林衍愣了一下,感觉喉咙有些发紧,敏锐地感到对话的那头似乎情况有些不对劲:"尊敬的诺玛小姐,你最好老实告诉我哥在哪,发生了什么事。"
“这个嘛……”人工智能小姐罕见地将声音拖长了些,宛若是个在卖关子的人类,“很遗憾,在上将给我设置的权限里,我可以对关于他的信息进行严格的加密,不让您得知。”
林衍难掩失望地咬了一下嘴唇,有点心不在焉地听出了诺玛语气里的拒绝之意,他甚至在走神时尝到了自己嘴唇上干裂后的血腥味……应该是天气太干燥的缘故。
“但介于上将这段时间恶劣的行动态度,我综合考虑后,决定将他的生活近况告知给能照顾他的人,也就是您。”
程渊在医疗舱里昏迷前,居然忘了封这热爱叛变和斗嘴的人工智能的口!于是经常和他对着干的战术高级人工智能小姐当即抓住机会,和自己的顶头上司倒戈而向,将他不要命地透支身体在非法机甲群里炸烟花的光荣行动告知了他的弟弟。
“……”林衍将这些爆炸性的消息听完,脸色难看极了。
上一世他没遇到过这种情况。那时在他和程渊吵架,索性转去机械院眼不见为净,程渊更是直接带着先锋军常驻第三星系。此后好几年,他们都没再见过面,只是简短地进行过一些通讯。

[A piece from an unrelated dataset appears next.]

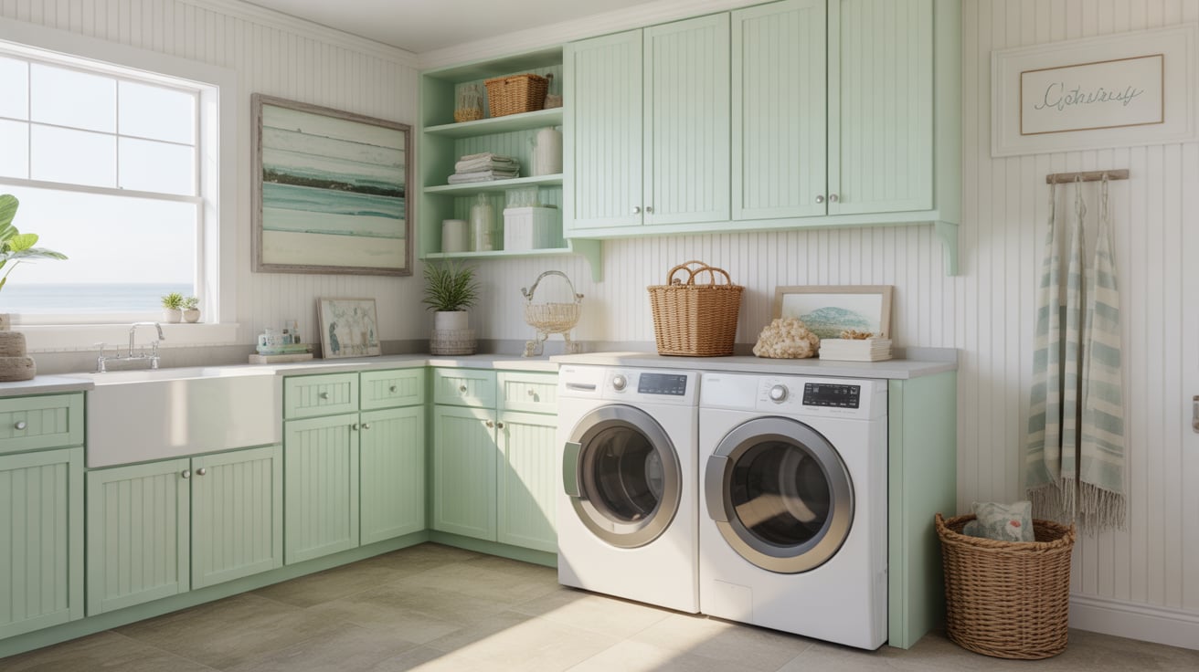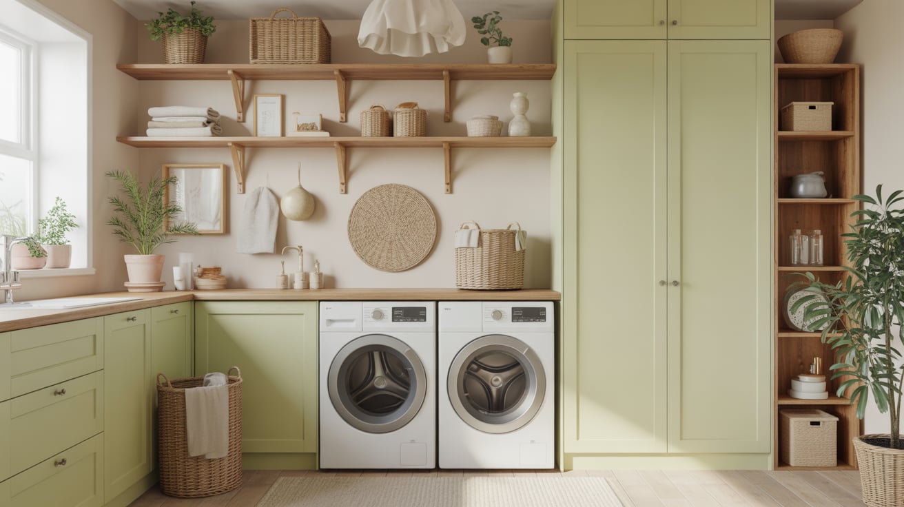 This look works because sage is soothing, timeless, and pairs beautifully with whites, grays, or natural woods. It gives your laundry space a light, airy charm without feeling too bold.

后来直到联盟建立,他加入研究中心为联盟事业奔波,程渊倒是带着诺玛来找他。但在越来越激烈的辩论中,程渊也只是坚决地表达了决裂的意愿,把他和诺玛一起打包驱逐出了第一星系,去到他母亲的故乡红枫星落脚。
原来早在自己在机械院专心研究的时候,他不是为了避开自己才羁旅在外,而是被帝国困在第三星系,脱不开身。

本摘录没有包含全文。